At a hack-event held at the soon-to-be-launched Open Data Institute in London this week, a number of speakers highlighted the challenge of getting open data used: the portals are built, but the users do not necessarily come. Data quality, poor meta-data, inaccessible language, and the difficulty of finding wheat amongst the chaff of data were all diagnosed as part of the problem, with some interesting interfaces and tools developed to try and improve data description and discovery. Yet these diagnosis and solutions are still based on linear thinking: when a dataset is truly accessible, then it will be used, and economic benefits will flow.

Owen Barder identifies the same sort of linear thinking in much macro-economic international development policy of the 70s and 80s in his recent Development Drums podcast lecture on complexity and development. The lecture explores the question of how countries with similar levels of ‘raw materials’ in terms of human and physical capital, could have had such different growth rates over the last half century. The answer, it suggests, lies in the complexity of economic development – where we need not just raw materials, but diverse sets of skills and supply chains, frameworks, cultures and practices. Making the raw materials available is rarely enough for economic growth. And this something that open data advocates focussed on economic returns on data need to grapple with.

Thinking about open data use as part of a complex system involves paying attention to many different dimensions of the environment around data. Jose Alonso highlights “the political, legal, organisation, social, technical and economic” as all being important areas to focus on. One way of grounding notions of complexity in thinking about open data use, that I was introduced to in working on a paper with George Kuk last year, is through the concept of ‘complementarity’. Essentially A complements B if A and B together are more than the sum of their parts. For example, a mobile phone application and an app store are complements: as the software in one, needs the business model and delivery mechanisms in the other in order to be used.

The challenge then is to identify all the things that may complement open data for a particular use; or, more importantly, to identify all those processes already out there in the economy to which certain open data sets are a complement. Whilst the example above of complements appears at first glance technological (apps and app stores), behind it are economic, social and legal complementarities, amongst others. Investors, payment processing services, app store business models, remmitance to developers, and often-times, stable jobs for developers in an existing buoyant IT industry that allow them to either work on apps for fun in spare time, or to leave work with enough capital to take a risk on building their own applications are all part of the economic background.
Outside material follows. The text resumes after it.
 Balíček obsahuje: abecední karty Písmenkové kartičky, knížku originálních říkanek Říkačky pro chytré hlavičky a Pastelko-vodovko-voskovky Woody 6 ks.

Developer meet-ups, online fora, clear licensing of data, no fear of state censorship of applications built and so-on contribute to the social and legal background. These parts of the complex landscape generally cannot be centrally planned or controlled, but equally they cannot be ignored when we are asking why the provision of a raw material has not brought about anticipated use.
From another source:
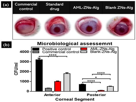 All rabbits were anesthetized for the induction of MRSA keratitis, followed by ocular washing. A 100 μL volume of 2.6 × 105 CFU/mL of MRSA strain was injected into the corneal stroma. The rabbits’ eyes were monitored daily until signs of MRSA keratitis occurred. A parallel design of four groups, each having two randomly selected rabbits (total = 8 rabbits, n = 2), was implemented. Group I was assigned to the infected eye with no treatment (positive control). Group II was treated with a dose of the commercial antibacterial drug (Optiflox®) 4 times daily. Group III was assigned to the AML-ZNs-Alg eyedrops with one dose every 24 h. Group IV was assigned to the blank ZNs-Alg formulation. The allocated therapies were applied daily, and treatment was continued for 7 days after the induction of bacterial keratitis. The conjunctival congestion, redness, mucopurulent discharge, chemosis, corneal infiltrate, and corneal edema were evaluated as indicators of bacterial keratitis. After 7 days of treatment, rabbits were humanely sacrificed by decapitation using phenobarbital sodium injection for anesthesia in the marginal vein. Eye specimens were gathered from the investigated groups, considering the left eye for microbiological and the right eye for histopathological assessment. For the microbial assessment, homogenized corneal samples were cultured in mannitol salt agar (MSA) for 24 h at 37 °C, followed by colony-forming unit (CFU) enumeration [56].

As I start work on the ‘Exploring the Emerging Impacts of Open Data in the South‘ project with the Web Foundation and IDRC, understanding the possible complements of open data for economic, political and social use may provide one route to explore which countries and contexts are likely to see strong returns from open data policy, and to see what sorts of strategies states, donors and communities can adopt to increase their opportunity to gain potential benefits and avoid possible pitfalls of greater access to open data. Perhaps for further Open Data Institute hack days, it can also encourage more action to address the complex landscape in which open data sits, rather than just linear extensions of data platforms that exist in the hope that the users will eventually come*.